- [Problem] Your answer must repeat all of the entries word for word, without any images.

___ Study material ___

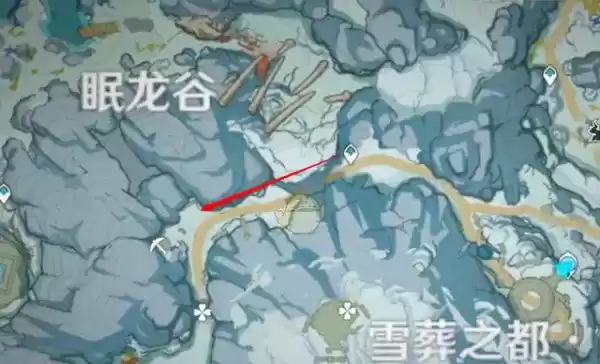 位于地图“眠龙谷”字样右下方锚点向西处,此处还有一处大型“独眼小宝”。
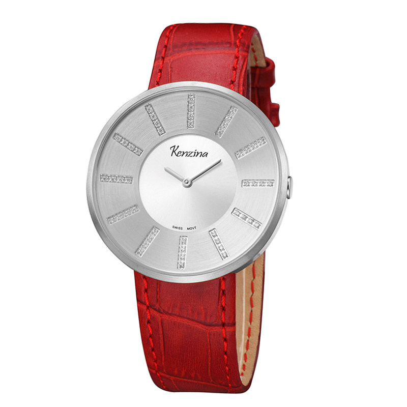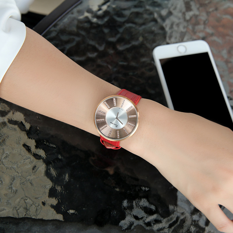 Rose gold black leather strap silver shell white face blue strap silver shell black leather strap silver shell white face green belt silver shell white face red leather strap silver shell black face red leather strap
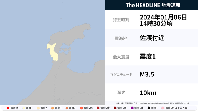 01月06日14時30分頃、佐渡付近を震源とするマグニチュード3.5の地震が観測された。最大震度1を観測したのは、石川県。
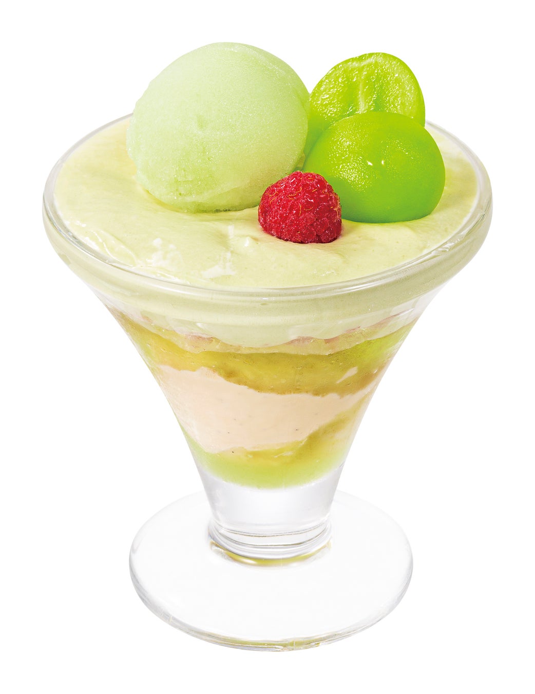 マスカットクリーム、マスカットソース、すっきりとした白ぶどうソルベなど、白ぶどうの魅力が凝縮!ラズベリークリームチーズアイスの甘酸っぱい風味とコクが、絶妙なアクセントになっています。白ぶどうの上品な香りと濃厚な甘さを堪能できる、サイズはミニでも大満足のデザートです。
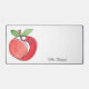 Dieser elegante Schreibtisch ist mit einem roten Apfel dekoriert. Einfach anpassbar. Perfekt als Geschenk eines Lehrers. Original Wasserfarbe © Michele Davies.
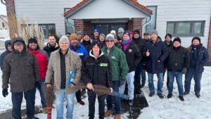 Hooksiel (4. 7. 2023) – Großer Auflauf am Hohe Weg: Das neue Feuerwehrgerätehaus in Hooksiel ist heute Nachmittag gerichtet worden. Polier Alexander Wilken sprach vor gut Hundert Feuerwehrleuten, Nachbarn und Gästen aus dem Ort den traditionellen Richtspruch.

___

- [Task response]
 位于地图“眠龙谷”字样右下方锚点向西处,此处还有一处大型“独眼小宝”。
 Rose gold black leather strap silver shell white face blue strap silver shell black leather strap silver shell white face green belt silver shell white face red leather strap silver shell black face red leather strap
 01月06日14時30分頃、佐渡付近を震源とするマグニチュード3.5の地震が観測された。最大震度1を観測したのは、石川県。
 マスカットクリーム、マスカットソース、すっきりとした白ぶどうソルベなど、白ぶどうの魅力が凝縮!ラズベリークリームチーズアイスの甘酸っぱい風味とコクが、絶妙なアクセントになっています。白ぶどうの上品な香りと濃厚な甘さを堪能できる、サイズはミニでも大満足のデザートです。
 Dieser elegante Schreibtisch ist mit einem roten Apfel dekoriert. Einfach anpassbar. Perfekt als Geschenk eines Lehrers. Original Wasserfarbe © Michele Davies.
 Hooksiel (4. 7. 2023) – Großer Auflauf am Hohe Weg: Das neue Feuerwehrgerätehaus in Hooksiel ist heute Nachmittag gerichtet worden. Polier Alexander Wilken sprach vor gut Hundert Feuerwehrleuten, Nachbarn und Gästen aus dem Ort den traditionellen Richtspruch.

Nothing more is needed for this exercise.